Domain Name System (DNS) firewalls, also known as protective DNS, which are freely available and easy to install, could prevent 33 percent of cybersecurity data breaches from occurring, research from the Global Cyber Alliance (GCA) showed.
DNS firewalls leverage threat intelligence from cybersecurity companies and/or public sources to automatically prevent users from visiting known malicious sites. Most often consumers visit a malicious site when they click on a malicious link or mistype a legitimate web address. Malicious software on a computer or phone can also cause a visit to a malicious site.

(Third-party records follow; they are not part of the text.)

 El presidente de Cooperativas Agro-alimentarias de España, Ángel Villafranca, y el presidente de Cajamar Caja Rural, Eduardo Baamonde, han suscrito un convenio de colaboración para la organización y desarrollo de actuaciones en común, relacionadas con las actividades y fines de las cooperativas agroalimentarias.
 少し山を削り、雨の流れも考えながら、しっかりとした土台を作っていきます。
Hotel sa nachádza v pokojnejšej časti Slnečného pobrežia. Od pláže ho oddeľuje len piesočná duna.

According to Verizon’s Data Breach Investigations Report, there were more than 11,000 confirmed data breaches collected and analyzed over the past five years. Independent researchers Shostack & Associates and Cyentia Institute working with GCA were able to determine that 3,668 of those breaches would have been potentially thwarted if users had a DNS firewall deployed.

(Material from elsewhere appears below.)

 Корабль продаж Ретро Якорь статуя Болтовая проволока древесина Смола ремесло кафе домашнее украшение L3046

“The constant stream of breaches has unfortunately caused many small businesses and consumers to simply accept cyber-attacks – that no matter what they do they cannot protect themselves,” said Philip Reitinger, president and chief executive of the Global Cyber Alliance. “However, there are many easy-to-implement steps that can prevent businesses and consumers from being another notch in the belt of a hacker. Our research shows that protective DNS services are among the most valuable.”
DNS firewalls might have prevented $10 billion in data breach losses from the 11,000 incidents in the past five years, according to the study. And the actual figure may be more – the researchers were unable to measure every case where a DNS firewall could have protected the victim, and their estimate of the financial impact is probably biased low.
Finally, as DNS firewalls might affect one-third of cyber incidents, and with current estimates of the scope of cybercrime, DNS firewalls might play a role in stopping $150 to $200 billion in losses every year.
DNS is the “phone directory” of the Internet as it translates human readable names like globalcyberalliance.org into computer addresses – a string of numbers otherwise known as an IP address. In order to access websites on the Internet, your computer must leverage a DNS service that is usually configured by your Internet Service Provider or your network administrator.